Please add the future direction of the study in the discussion section

Author Response

This letter are point-by-point responses to the comments raised by the reviewers.

We would like to take this opportunity to express our sincere thanks to the reviewers who identified areas of the manuscript that needed corrections or modification. We would like also to thank you for allowing us to resubmit a revised copy of the manuscript.

We hope that the revised manuscript is accepted for publication in Healthcare.

 

Responses to Reviewer 2

Please note that, in Table 1, the number and proportion of people in the “resumed” group (percentage) for the “inadequate public transformation” and “inadequate public transport” item was reversed. This error has been amended in the revised manuscript. In addition, we have had the manuscript proofread by a native English speaker and have made minor corrections, such as spelling errors, other than those pointed out.

 

Please add at the end of the abstract a take home message.

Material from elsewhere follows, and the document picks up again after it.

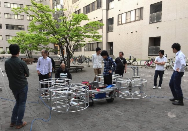 Молодые специалисты уже провели первый тестовый полет на базе начальной школы в городе Toyota. Уменьшенный прототип размерами 30 на 60 сантиметров успешно поднялся над землей на 3 метра и «провисел» в воздухе некоторое время. Несколько повторных тестов также показали удачные результаты.

As you point out, it is important to be clear about what you want your message to be.We have added a take-home message to the conclusion and at the end of the Abstract. Please note that some parts.

 Please see Spano et al., 2019 (10.3389/fpsyg.2019.00368), Caffò et al., 2020 (10.3389/fpsyg.2020.00917) to improve the introduction of the ms.

Thank you for your suggestion. We have now studied this paper and we were surprised by the large scale of the Italian study. We would like to refer to it in the future and we hope to conduct a more detailed evaluation in Japan. We have added this relevant Italian research paper to the reference list and refered to it in the revised manuscript.

Main text, line 44-47


Please add the power analysis in order to compute the sample size, in the study population. Please move from the results to the study population section the final sample size, the characteristics of the sample and Figure 1.

The power analysis was conducted and the sample sizes were calculated to be 76 and 85 for the social environmental factors “inadequate public transport” and “no alternative driver,” respectively. The final sample size, the characteristics of the sample, and Figure 1 have been moved to Section 2.1 (Study population) in the revised manuscript.

Regarding the sample size in the logistic regression analysis, previous studies have shown that a small number of categories with a size 10 times greater than the explanatory variable is acceptable (e.g., Peduzzi et al. 1996). In this study, there were more than 80 non-resuming driving groups, i.e., 10 times more groups than the number of explanatory variables (there were 8 explanatory variables).


Please add the future direction of the study in the discussion section

Thank you for your suggestion. The revised manuscript contains a section on future prospects.

Main text, line 277-280

 

Round 2

Reviewer 1 Report

My thanks to the authors for their thorough reponses to my comments and queries. The article is much improved and I am happy for it to proceed.